The fit questions and comments posted in this thread are what prompted me to post. The sweater is cut, in my opinion, exactly like the original. It does not appear trimmed down at all! In fact, if my memory serves me, my new version fits the same as when I received the large several years and pounds ago! Memphis88, I wouldn't exchange your new sweater. It appears to fit just the way it is supposed to. Remember, its not a fine gauge merino or cashmere. It is a bulky, real-world, work garment - a throwback to the days before gore-tex and poly-fleece! One of the earlier comments is spot-on in that the relative looseness around the torso is meant to help generate and trap body heat, and boy does it - this is one warm sweater. 

Then again, maybe I am also suggesting this to you so that, years from now when middle-age spread begins rearing its ugly head, you won't become obsessed with replacing what I'm sure will become, once again, a well-loved and hard to find classic.


----------



## chiamdream (Aug 7, 2009)

I can't quite make out whether the shoulders are too big or the right size on Memphis88 (they look a little bunched up).

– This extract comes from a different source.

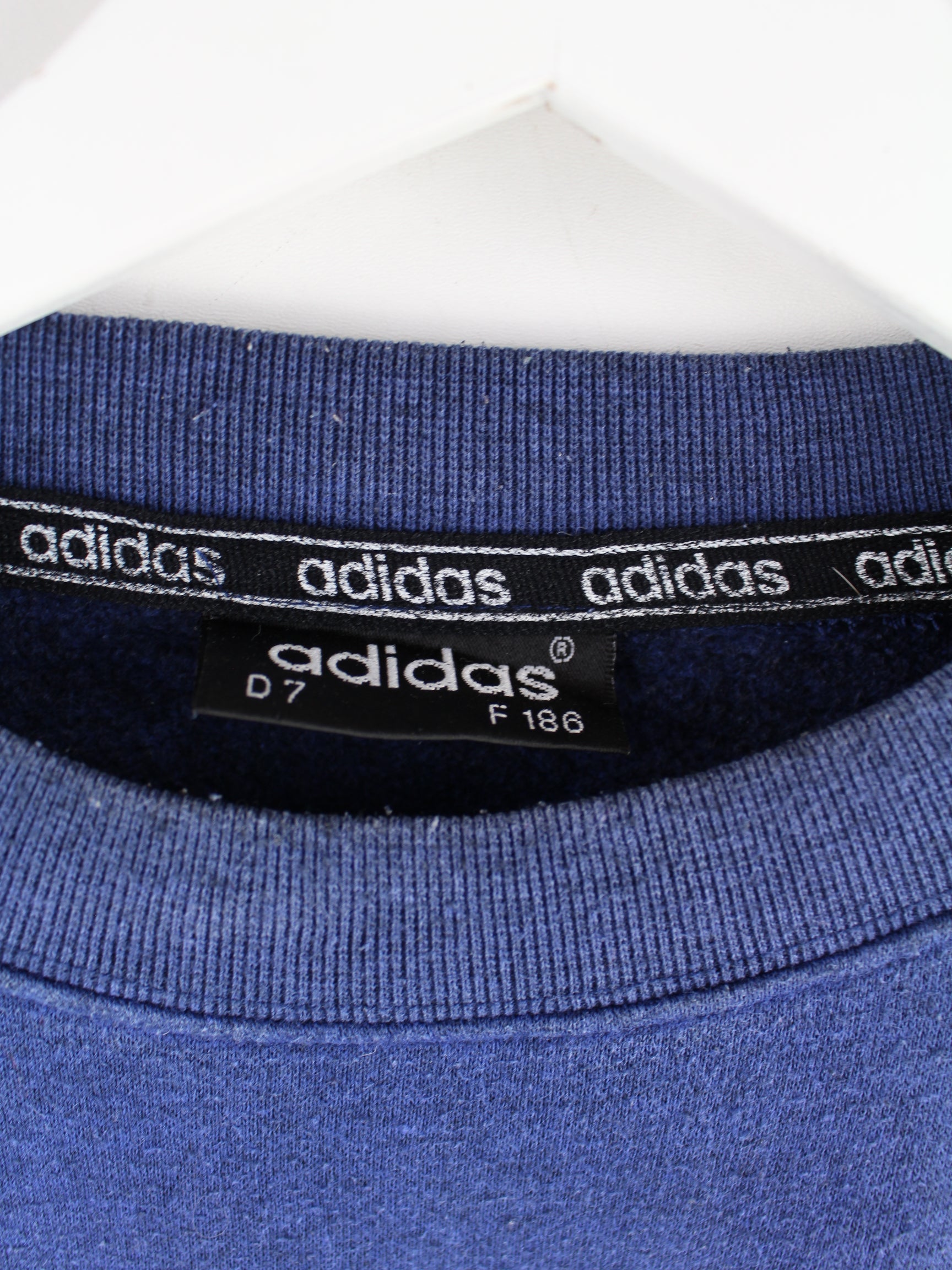 Blue sweater with embroidered logo from the brand Adidas from the 80's in size M. It is made of a cotton blend and is in very good condition.

I think I'd be fine with a loose fit as long as the shoulders and sleeves were right. I'm also 5" taller and 50 lbs. heavier, so I might have an easier time filling one of these out. If anyone would care to post shoulder/sleeve measurements of a small or a medium, I'd really appreciate it. 

I see one of the new in my future, so I'll probably add a Norwegian sweater to the order just to give it a shot.


----------



## stcolumba (Oct 10, 2006)

For anyone who is interested, here are some measurements of the MEDIUM:

Arm length: 33 inches
Width from under the arms to the waist: 22 inches
Length from the center of the collar to the waist: 25

This "new" version is definitely the same as the original; it is not trimmer. The only difference is that the new version is 100% wool which I think is a plus.

As hsc89 stated, this sweater is a "throwback" to the days before fleece and gore-tex. One will not need many layers under this sweater to keep warm--even in the worst days of winter.


----------



## Drew Bernard (Feb 19, 2009)

Now available online...



I still have mine from my days at Cornell. Glad I won't have to fork over $129 for one now!


----------



## stcolumba (Oct 10, 2006)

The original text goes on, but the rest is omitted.